Дополз до своего «максима», повернул ствол в сторону групповой цели и передёрнув затвор увидел, как Вовчик из офицерского пистолета выстрелил в лицо поверженному.

– Прости, парень! Не успел!

Глубоко вздохнув, успокоив себя, пулемётчик длинной очередью повёл слева направо. И снова в прицеле заплясали фигурки в мышиной форме ломаясь и падая в дорожную пыль. А после устало закрыл глаза.

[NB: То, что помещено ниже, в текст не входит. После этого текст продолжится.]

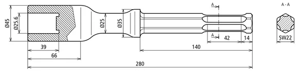 | Úchyt | šestihran SW22 x 108 mm |
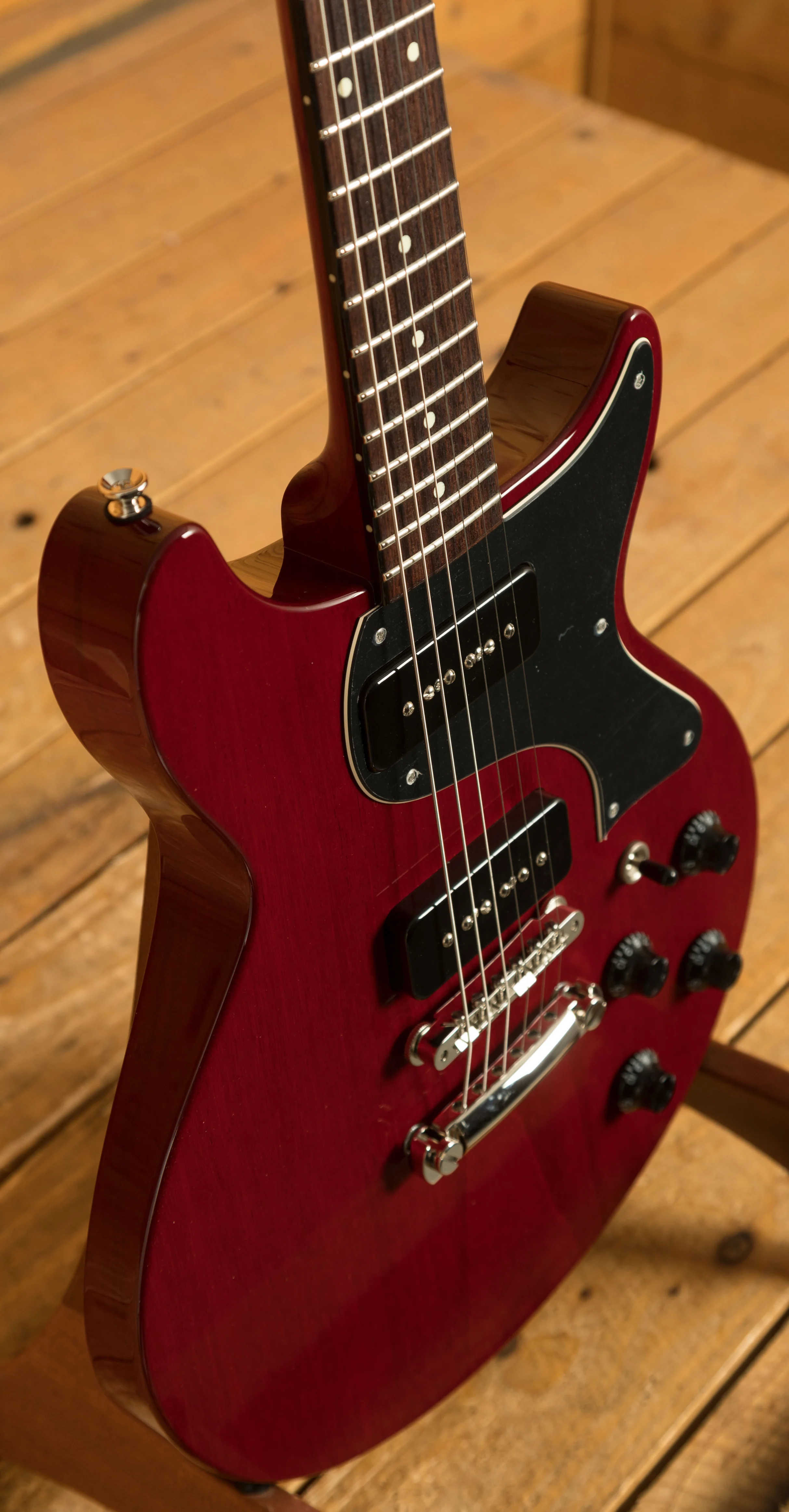 The Honduran Mahogany neck features a Rosewood fingerboard, with a 24.7/8" scale length and a 12" radius, it's comfortable and precise. With a super rockin' pair of Lollar P-90s, the 290 is a tonal powerhouse, delivering a wide variation of rich and detailed tones, the 290 is a real players guitar.

Когда кончилась лента…

В наступившей тишине, подкрашенной звуками далёкого боя, вдруг услышалась песня жаворонка. Где-то высоко в небе. Один оставшийся в живых из всей роты, превозмогая вернувшуюся боль спустился к дороге. По-мужицки прикинув что-то, снял с ещё тёплого немца ранец, набил его до отказа едой и сигаретами из других, засунул за пояс и голенища несколько магазинов от немецких автоматов и прихватив один из них побрёл в ту сторону, где за горизонтом грузно, тихо, но тяжело ворочался фронт.

Немецкий лётчик

Как ни экономил солдат, а той еды, что набрал из немецких ранцев хватило всего на неделю. Чего только не насмотрелся за это время! От того, казалось бы оправданного порыва сдаться в плен уже не осталось и следа. Днём шёл лесом. А где его не было, топал по ночам.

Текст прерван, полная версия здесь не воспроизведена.